The Christmas story is certainly filled with feeling and emotion—Mary, Joseph and the Child in the stable setting; with joy—angels singing as they announce the birth to the shepherds; and generous gift giving—the Magi visiting and presenting their gold, frankincense and myrrh. However, there is another element in the story that the Gospels of Luke and Matthew present: it is the element of fear. The angel Gabriel tells Mary when she hears the news of God’s invitation to her, “Do not be afraid Mary;”
Joseph is told in a dream “Do not be afraid to take Mary as your wife;” the shepherds are told by the angel “Do not be afraid; we bring you tidings of great joy.”
We might ask, “Is there something that we should be afraid of?” Is it the child? Is it the miraculous power of God? Is it the presence of the Holy Spirit? Or perhaps, is it a combination of all these things and the challenges that this magnificent event of history will present to us?
I tend to believe that there is a certain anxiety in responding to the great challenges that the Christmas story offers us. Just think of it: God chooses to become a human being so that we might be able to come freely to the realization of God’s love and presence in our own lives and in our world. God chooses to become a human being so that we might experience more fully the bond between the human and divine.
In so choosing, Jesus, the Word of God made flesh, experiences all that we do: birth, joy and happiness, suffering, pain and death, all because God so loved the world that He gave us His only Son. And this God, through the life and teaching of Jesus, tells us that we should love one another as He loves us! We should be willing to give ourselves away for the sake of others as Jesus gives himself away for the life of the world.
I can understand being somewhat fearful of all the implications of this wonderful and sacred event. The sweet, gentle baby born in the humblest of circumstances will grow up to present a challenge to us to participate fully in the building up of the Kingdom of God by being people who will sacrifice much to achieve this end.
There is a Christmas carol that asks the question: “Mary did you know that this child you would deliver will soon deliver you? Did you know that He would save our sons and daughters? Did you know that your baby boy will give sight to the blind? The dumb will speak, the lame will walk, the deaf will hear, the dead will live again. Mary did you know?” Did any one know?
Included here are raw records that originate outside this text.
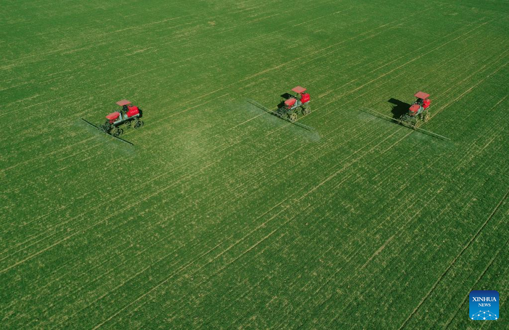 Aerial photo taken on March 7, 2022 shows wheat fields in Yanli Township of Xingtai, north China's Hebei Province. (Xinhua/Zhu Xudong)
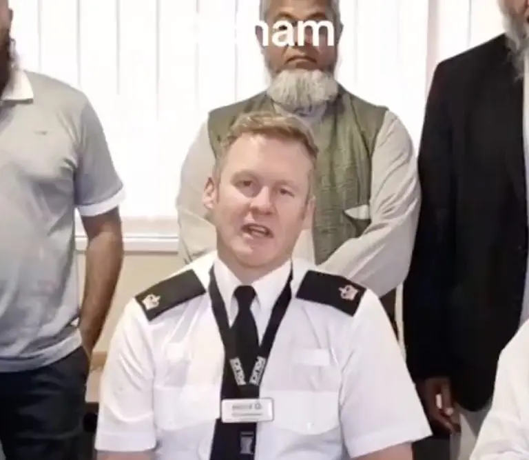La scène se passe à Oldham, ville du Comté du Grand Manchester. Un policier, surintendant en chef de la police locale, entouré de membres du Conseil des mosquées, s’adresse aux musulmans de la ville pour les rassurer. Il commence son message par « Salam aleykoum » comme nombre de policiers invités à calmer les communautés musulmanes sur Tik Tok et autres réseaux sociaux. Vraisemblablement tout ce petit monde sort d’une réunion du Conseil des mosquées d’Oldham, qui rassemble des dirigeants et membres de 35 mosquées d’Oldham… tous affolés à l’idée que des membres de l’EDL (“english defence league de Tommy Robinson, pourtant dissous depuis une dizaine d’années) puissent venir à Oldham…
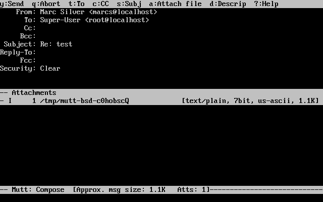 Note : Comme indiqué précédemment, la commande mail(1) à l'origine n'a pas été conçue pour gérer les pièces jointes, et par conséquent ne s'en sort pas très bien à ce niveau. Les MUAs plus récents comme mutt gérent les pièces jointes de manière plus intelligente. Mais si vous souhaitez toujours utiliser mail, le logiciel porté converters/mpack vous sera d'une grande aide.
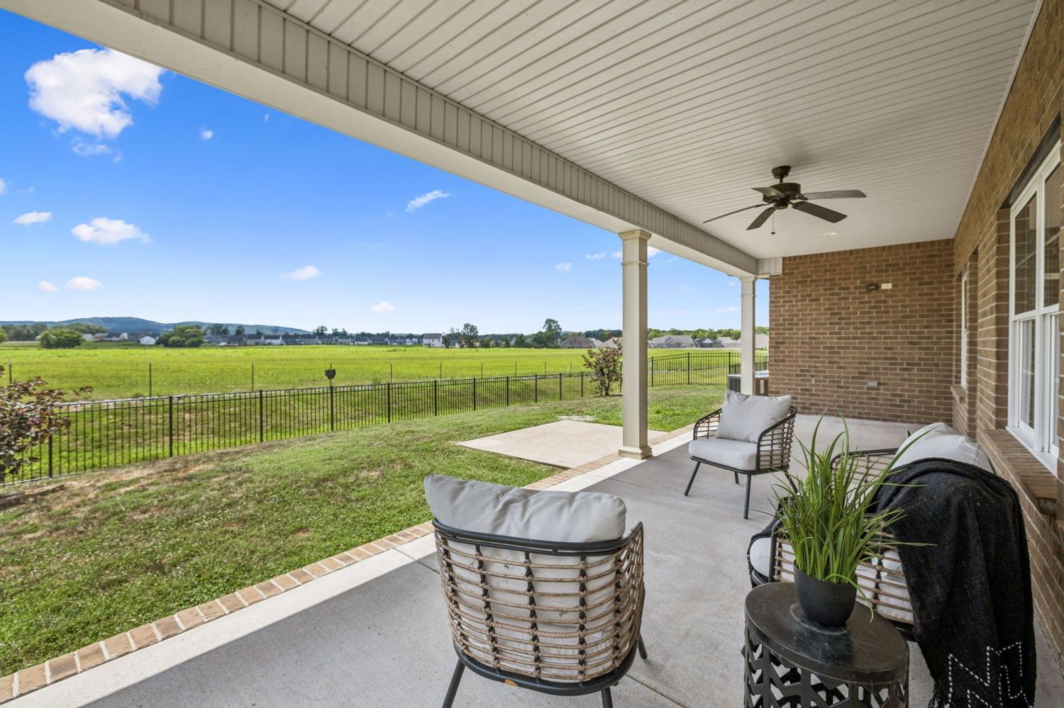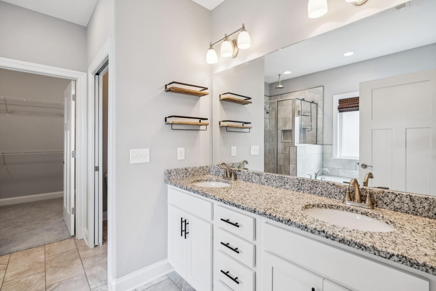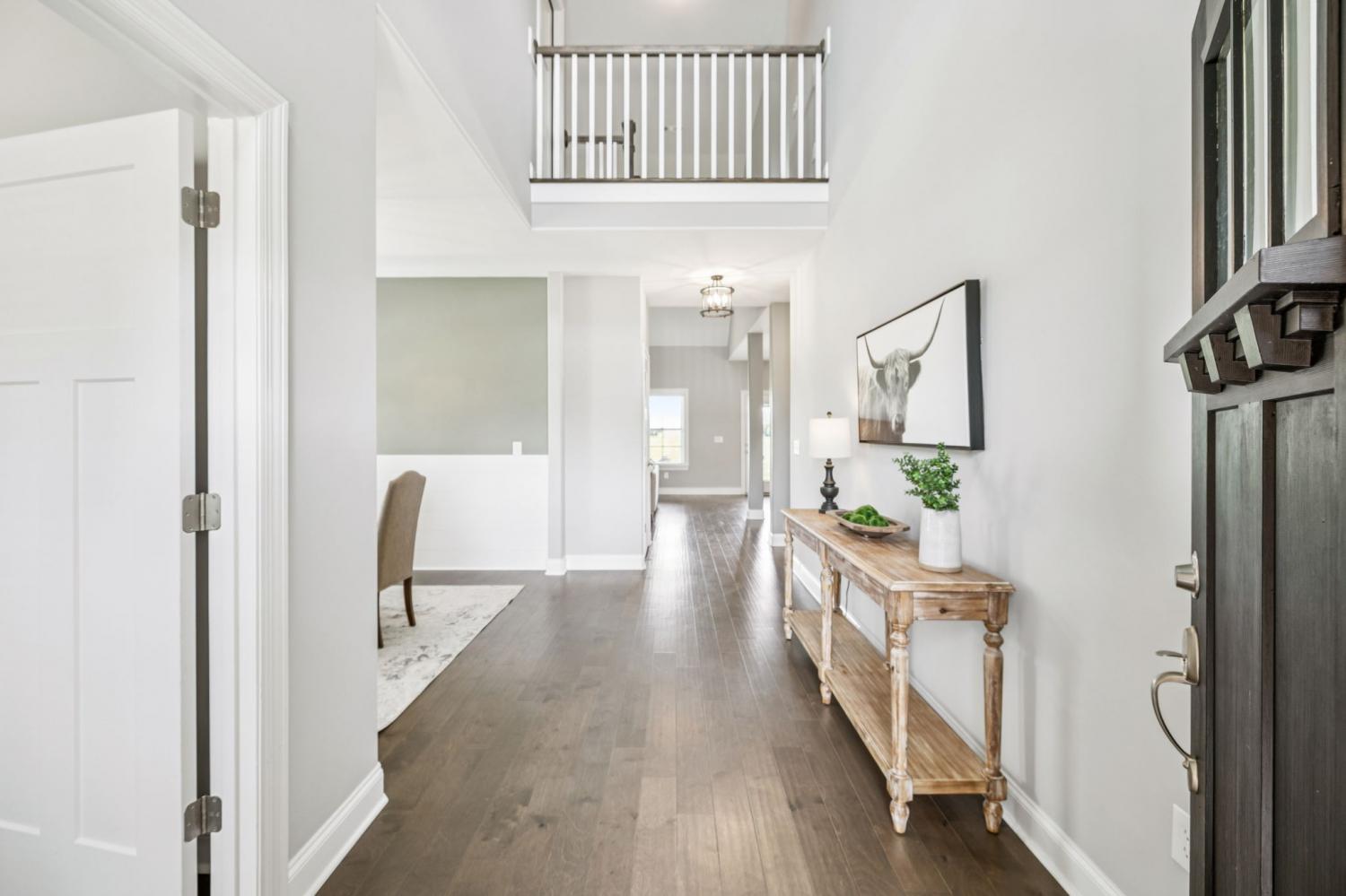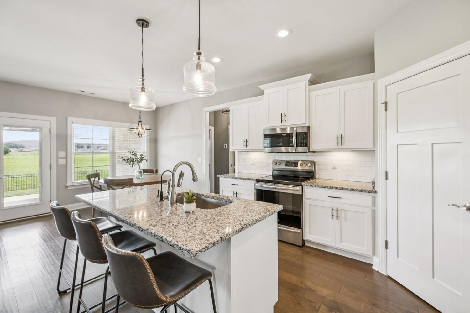 This beautifully designed 4-bedroom home offers a spacious layout and high-end finishes throughout. Primary bedroom and Owner's Suite on the main level. The chef’s kitchen features a large island, premium appliances, and flows seamlessly into the living area with gorgeous floors and a charming indoor brick gas fireplace. Upstairs, enjoy a generous bonus room and two oversized walk-in attics—ideal for storage or future expansion into a 5th bedroom, home office, or media room and home is complete with a full house water filtration system. Relax on the covered back patio with unobstructed sunset views over land that will never be developed. The extra deep three-car garage and location in a quiet, sought-after neighborhood with a playground make this home truly special.
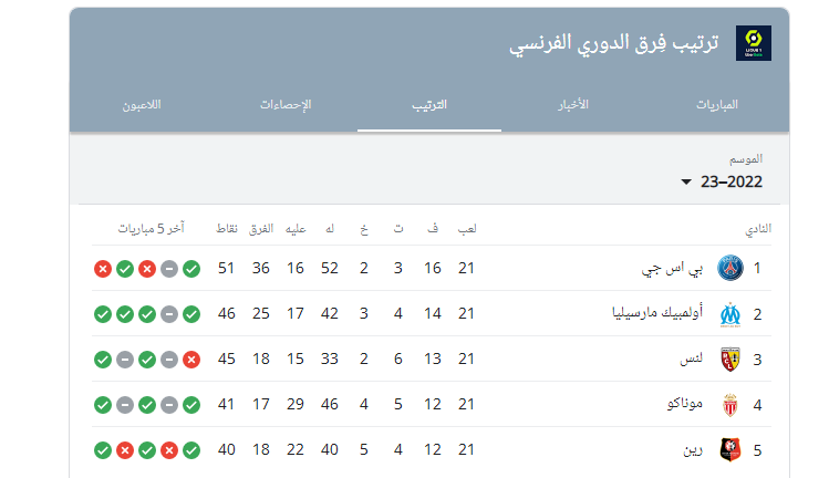 بعد باريس سان جيرمان.. ما هو ترتيب فرق الدوري الفرنسي؟

But they all knew that somehow God was breaking into our world and the angels proclaimed that there was nothing to be fearful of; we should rejoice and be glad as we sing God’s praises and realize that human life would never again be the same. He shows us that vulnerability and human weakness is to be embraced with trust and confidence that God is indeed with us—Emmanuel.
The Child encourages us to trust Him; to acknowledge our own weakness; and to recognize that without His help we cannot survive and that joined to Him, love and peace will be given a chance. This Christmas, may we all be blessed with the faith that will recognize Him in the poverty of our own lives as Mary and Joseph, the angels, shepherds and the wise men recognized Him in the poverty of Bethlehem. And may we too heed the words of the angels: do not be afraid; this day we bring you tidings of great joy.
Merry Christmas and the choicest of God’s blessings in 2010!